> **YOUR INSTRUCTIONS**: Your task is to copy the records that follow exactly, minus any images.

> **SUPPLIED DATA**:
────────────────────────────────────────

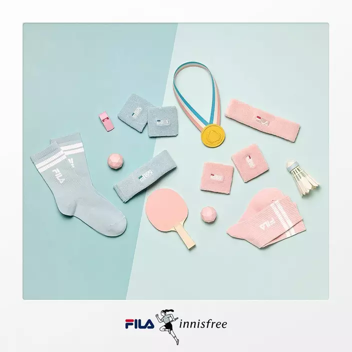 新聯乘系列已經在5月1日,今次更幾乎是專為女士而設,就算是不喜歡做運動的女生也可以輕鬆駕馭的街頭風格。顔色採取了十分青春的淺粉紅和淺藍綠色,讓人聯想到馬卡龍的夢幻色彩。除了T-Shirt外,還有拖鞋、平底鞋、襪子、腕帶和頭帶。就如Fila和Innisfree本身的風格一樣,系列沒有太花巧的設計,主要走簡約少女風,所以不一定是運動才可以穿!
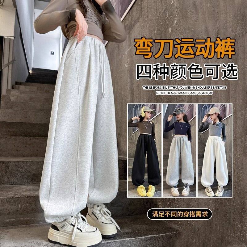 女童裤子春装2026新款儿童春季休闲卫裤洋气女大童黑色运动裤春秋
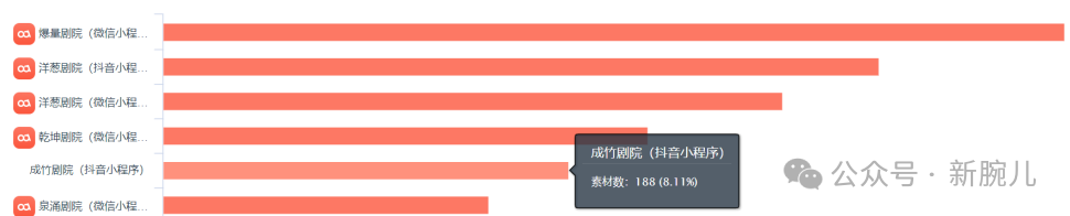 平台方面,这部剧投放第一的平台是爆量剧场(微信小程序),占比18.4%;第二的平台是洋葱剧场(抖音小程序),占比14.33%;第三名是洋葱剧场的微信小程序平台,占比12.39%;排名第四的是乾坤剧场(微信小程序),占比9.71%;第五的是成竹剧场(抖音小程序),占比8.11%。
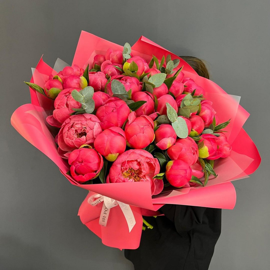 На фото букет из 35 коралловых пионов. В составе: пион 35 шт, крафт-бумага 1 шт, атласная лента 1 шт, . Все цветы свежие и ароматные, букет красиво оформлен и отлично подходит для подарка. Доступна доставка цветов или самовывоз.
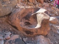 这天我们的导游是斯科蒂,同行的乘客又是圣巴巴拉的母女。河上风平浪静。我们短暂地徒步去看了看鹦鹉螺的化石,这种生物生活在数亿年前。它们形似鱿鱼,体型和足球差不多。在另一次短途徒步中,我们看到了一艘古船的残骸,以及一个标记,那里曾发现过一位早期探险家的遗骸。
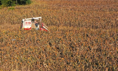 11月21日,咸安区向阳湖镇祝垴村,新农人王吉正利用联合收割机收割成熟的第二茬再生高粱。
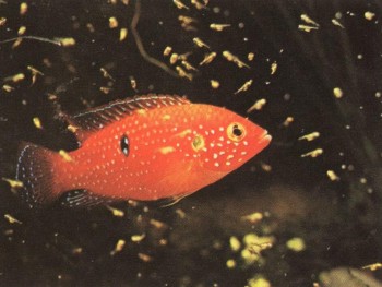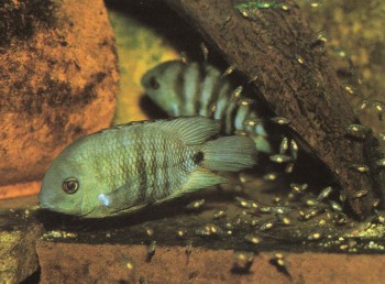 Представители семейства Цихловые в ходе эволюционного развития выработали разнообразные способы размножения и ухода за приплодом. На этом рисунке три самых распространенных способа: цихлазома Меека (Cichlasoma meeki) свободно выметывает икру на донный субстрат; «млекопитающий» дискус с мальками; инкубирующая икру во рту мозамбикская тиляпия (Oreochromis mossambicus).
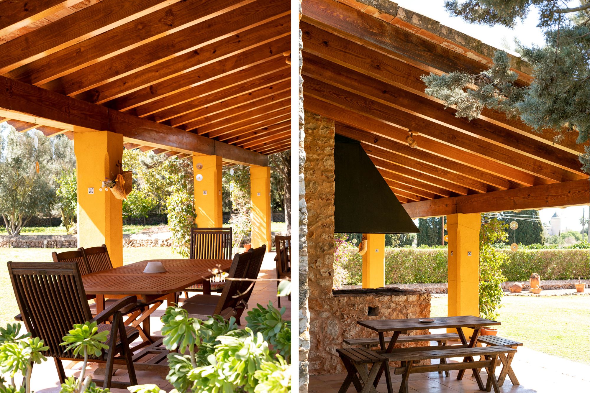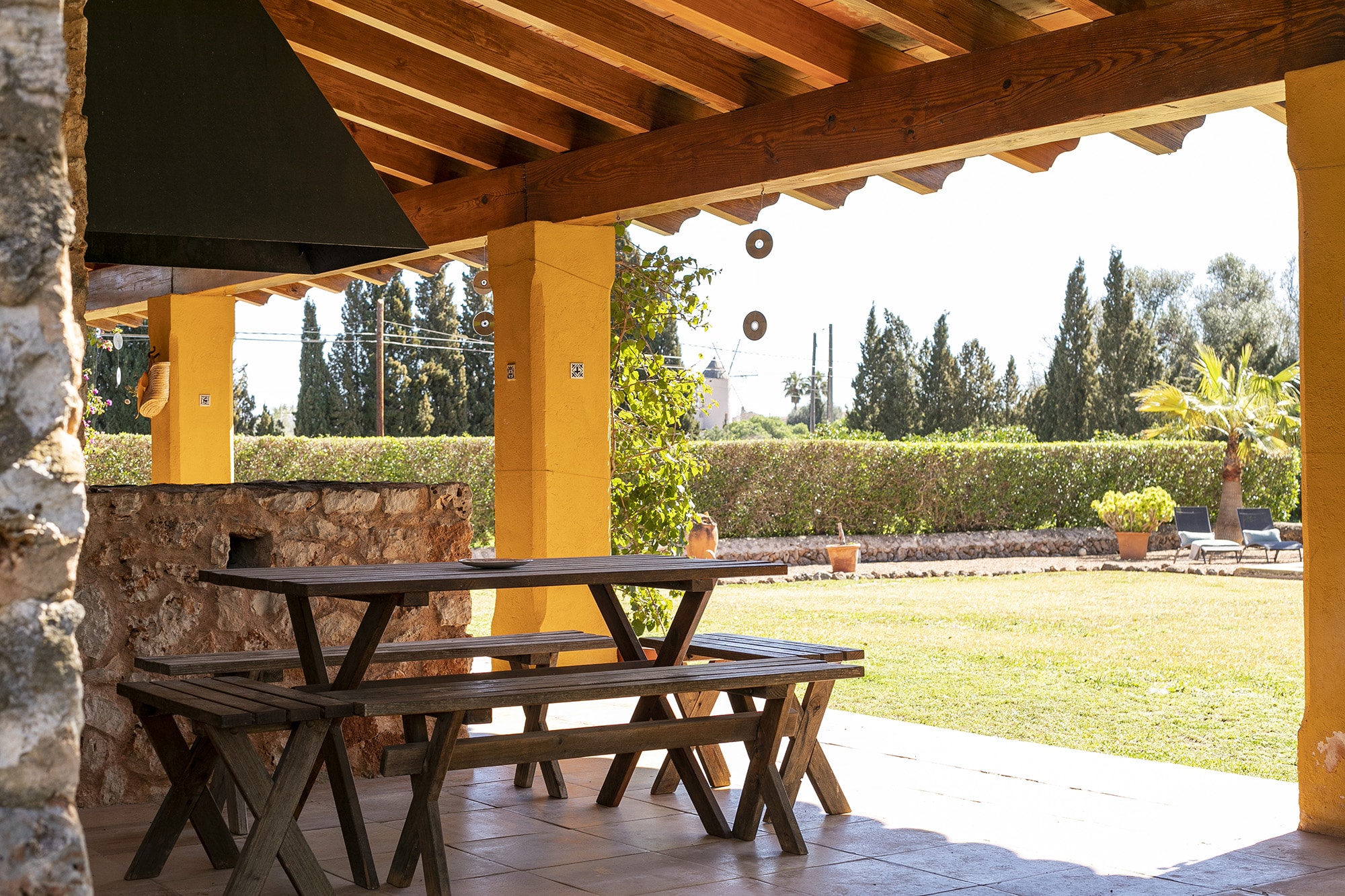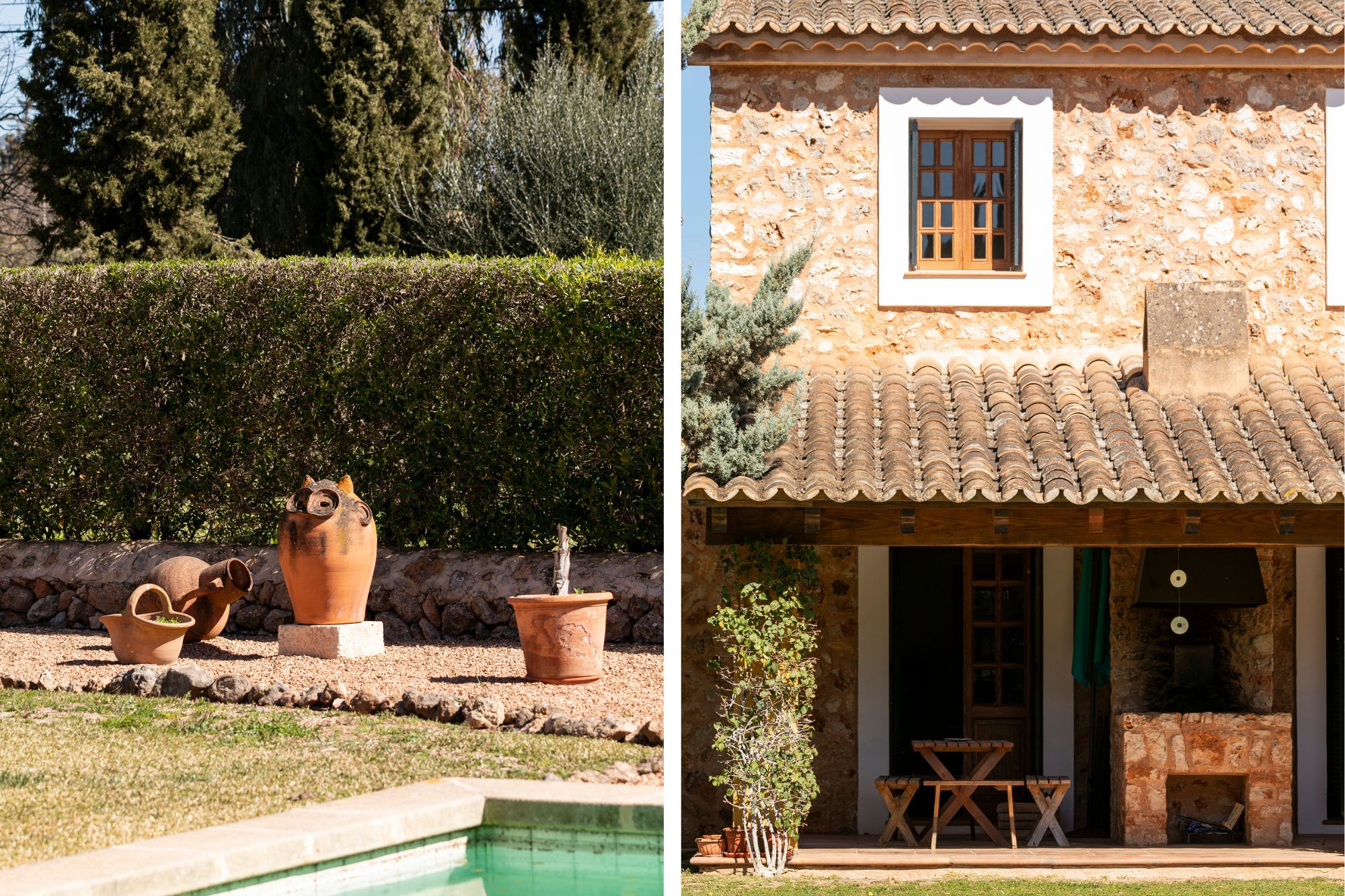 The house, built in 1987, has all the character of Majorcan rural buildings. The exterior architecture uses classical elements such as Arabic tiles, stone cladding, traditional ironwork and carriage-green wooden shutters. It has a small covered construction to park two vehicles, in an area with large ancient stone slabs.

────────────────────────────────────────

> **YOUR RESPONSE**:
 新聯乘系列已經在5月1日,今次更幾乎是專為女士而設,就算是不喜歡做運動的女生也可以輕鬆駕馭的街頭風格。顔色採取了十分青春的淺粉紅和淺藍綠色,讓人聯想到馬卡龍的夢幻色彩。除了T-Shirt外,還有拖鞋、平底鞋、襪子、腕帶和頭帶。就如Fila和Innisfree本身的風格一樣,系列沒有太花巧的設計,主要走簡約少女風,所以不一定是運動才可以穿!
 女童裤子春装2026新款儿童春季休闲卫裤洋气女大童黑色运动裤春秋
 平台方面,这部剧投放第一的平台是爆量剧场(微信小程序),占比18.4%;第二的平台是洋葱剧场(抖音小程序),占比14.33%;第三名是洋葱剧场的微信小程序平台,占比12.39%;排名第四的是乾坤剧场(微信小程序),占比9.71%;第五的是成竹剧场(抖音小程序),占比8.11%。
 На фото букет из 35 коралловых пионов. В составе: пион 35 шт, крафт-бумага 1 шт, атласная лента 1 шт, . Все цветы свежие и ароматные, букет красиво оформлен и отлично подходит для подарка. Доступна доставка цветов или самовывоз.
 这天我们的导游是斯科蒂,同行的乘客又是圣巴巴拉的母女。河上风平浪静。我们短暂地徒步去看了看鹦鹉螺的化石,这种生物生活在数亿年前。它们形似鱿鱼,体型和足球差不多。在另一次短途徒步中,我们看到了一艘古船的残骸,以及一个标记,那里曾发现过一位早期探险家的遗骸。
 11月21日,咸安区向阳湖镇祝垴村,新农人王吉正利用联合收割机收割成熟的第二茬再生高粱。
 Представители семейства Цихловые в ходе эволюционного развития выработали разнообразные способы размножения и ухода за приплодом. На этом рисунке три самых распространенных способа: цихлазома Меека (Cichlasoma meeki) свободно выметывает икру на донный субстрат; «млекопитающий» дискус с мальками; инкубирующая икру во рту мозамбикская тиляпия (Oreochromis mossambicus).
 The house, built in 1987, has all the character of Majorcan rural buildings. The exterior architecture uses classical elements such as Arabic tiles, stone cladding, traditional ironwork and carriage-green wooden shutters. It has a small covered construction to park two vehicles, in an area with large ancient stone slabs.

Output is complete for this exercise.